The website of Taiwan’s Presidential Office was hit by an “overseas DDoS attack” earlier today, according to reports, with traffic 200 times greater than usual taking the site offline for 20 minutes.
The attack occurred just hours ahead of US House of Representatives Speaker Nancy Pelosi’s scheduled visit to Taiwan, the first by an elected US official in 25 years.
The DDoS attack occurred at 17:15 Taipei Standard Time (10:15 BST), according to local reports.
A spokesperson for Taiwan’s Presidential Office said it is strengthening monitoring to ensure the security and stable operation of key infrastructure in the wake of the attack.
“In the face of continuous compound information operations by foreign forces, government agencies will continue to strengthen monitoring to maintain national information and communication security and the stable operation of key infrastructure,” said Zhang Dunhan.
There have been no reports of any group claiming responsibility for the attack. A researcher at the SANS Technology Institute told the Reuters news agency that is likely to have been perpetrated by Chinese hacktivists, not the country’s government.
The attack was launched from machines with IP addresses from China’s commercial internet, said Johannes Ullrich, and did not match the usual methods of Chinese government hackers.
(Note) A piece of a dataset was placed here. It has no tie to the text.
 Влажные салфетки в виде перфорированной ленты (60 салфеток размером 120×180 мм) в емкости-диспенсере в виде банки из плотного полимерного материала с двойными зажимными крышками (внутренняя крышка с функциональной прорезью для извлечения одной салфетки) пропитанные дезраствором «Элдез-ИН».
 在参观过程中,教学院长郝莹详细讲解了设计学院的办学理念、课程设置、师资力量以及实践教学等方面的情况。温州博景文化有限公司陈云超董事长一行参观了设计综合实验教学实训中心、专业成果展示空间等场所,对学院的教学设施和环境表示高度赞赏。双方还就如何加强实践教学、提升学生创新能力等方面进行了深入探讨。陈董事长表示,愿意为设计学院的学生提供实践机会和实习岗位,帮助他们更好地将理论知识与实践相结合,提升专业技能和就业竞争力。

Pelosi’s visit has sparked outrage among both the government and social media users in China. Before the start of her tour, China’s President Xi Jinping warned the US “not to play with fire” and ambassadors threatened “grave consequences”. Meanwhile, most trending topics on Weibo, the Chinese Twitter-like service, reportedly relate to Pelosi and her visit to Taiwan.
Reports suggest many users were upset about the “provocation” and the possibility it will lead to a war between China and the US over Taiwan.
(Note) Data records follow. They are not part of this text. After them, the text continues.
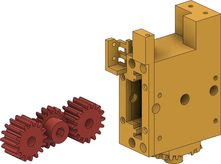 The 3 gears should slide right in. I've used an old allen key for the center axel. It should go in relatively easy, but the gear should get stuck on there. If it's too loose, the axel might slide out. The other two axels are 4mm rods cut to length. Make sure the gears are oriented the right way!
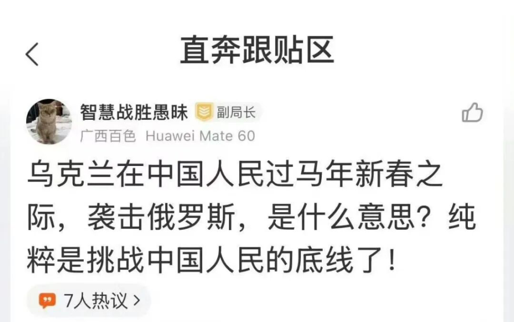 看下面这则帖子,它说,乌克兰在中国人民过马年新春之际,袭击俄罗斯,是什么意思?纯粹挑战中国人民的底线了!
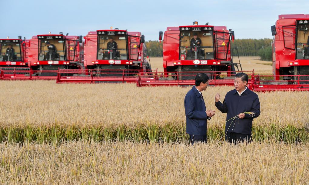 2018年9月25日,金秋時節(jié),稻浪滾滾,黑龍江農(nóng)墾建三江管理局七星農(nóng)場萬畝大地號豐收在望。習(xí)近平總書記走進正在收割的地塊,拿著稻穗,同工作人員交談,詳細了解糧食生產(chǎn)和收獲情況。
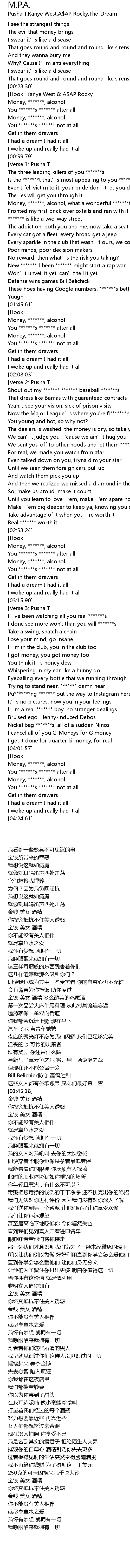 | [01:10.07] | Money, *******, alcohol, what a wonderful *******tail |
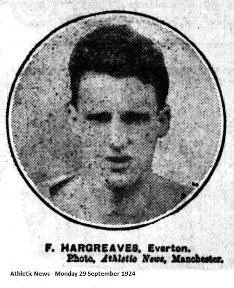 The season seems likely to bring distinction to Frank Hargreaves, young man born at Ashton-under-Lyne and moving later into local football in Manchester. Passing on from Droylsden to Manchester North End, he was introduced to Second Division football by Oldham Athletic, and hat been transferred into the front rank of the game by Everton. Having secured an early opportunity, he has revealed skill of exceptional quality. He owes something to the encouraging support of the Everton half-backs, of course, but more his own gifted footwork and unusual ability at close quarters. Here, it seems, is a rare inside right in the making. What a pity he has not a few more pounds to push into the fray and resist the shoulders of opponents. Still, if he possessed more weight, he might be less agile and deft and dainty —and the delicacy of his swerve and touch has been the real joy in his play.

Speaker Pelosi is scheduled to arrive in Taiwan this evening and hold meetings with officials tomorrow.
The return of the political DDoS attack
Although often more of a nuisance than a genuine disruption, politically motivated DDoS attacks have made a comeback in recent times. Research by Russian security company Kaspersky detected 4.5 times as many DDoS attacks in 2022 as last year, largely as a result of the war in Ukraine.
“The amount of ‘smart’ or advanced and targeted attacks also showed a notable growth of 81% compared to the previous record from Q4 2021.” Kaspersky found. “Examples include a site mimicking the popular 2048 puzzle game to gamify DDoS attacks on Russian websites, and a call to build a volunteer IT army in order to facilitate cyberattacks.”
In recent months, Russia-aligned cybercriminal group Killnet has launched DDoS attacks on Ukraine’s allies Lithuania and Romania.
In May, Iran-linked hackers launched a “politically” motivated DDoS attack on the Port of London Authority website.
Ed Macnair, CEO of cybersecurity provider Censornet, described DDoS as a type of “protest attack” that most organisations recover from, but said in the case of Taiwan there is concern it could be “a warning shot of a future cyberattack”.
While it isn’t clear exactly what form this will take, Macnair told Tech Monitor that “when cyberwarfare intensifies, national infrastructure is a more likely target for nation states. More severe disruption can be caused by targeting energy, transport, or communications infrastructure.”
China has launched DDoS attacks in the past. In 2017 a Chinese state-sponsored hacking group launched the biggest DDoS attack of the time against Google. It lasted more than six months and reached a peak of 2.5Tbps in increased traffic and originated from four Chinese ISPs.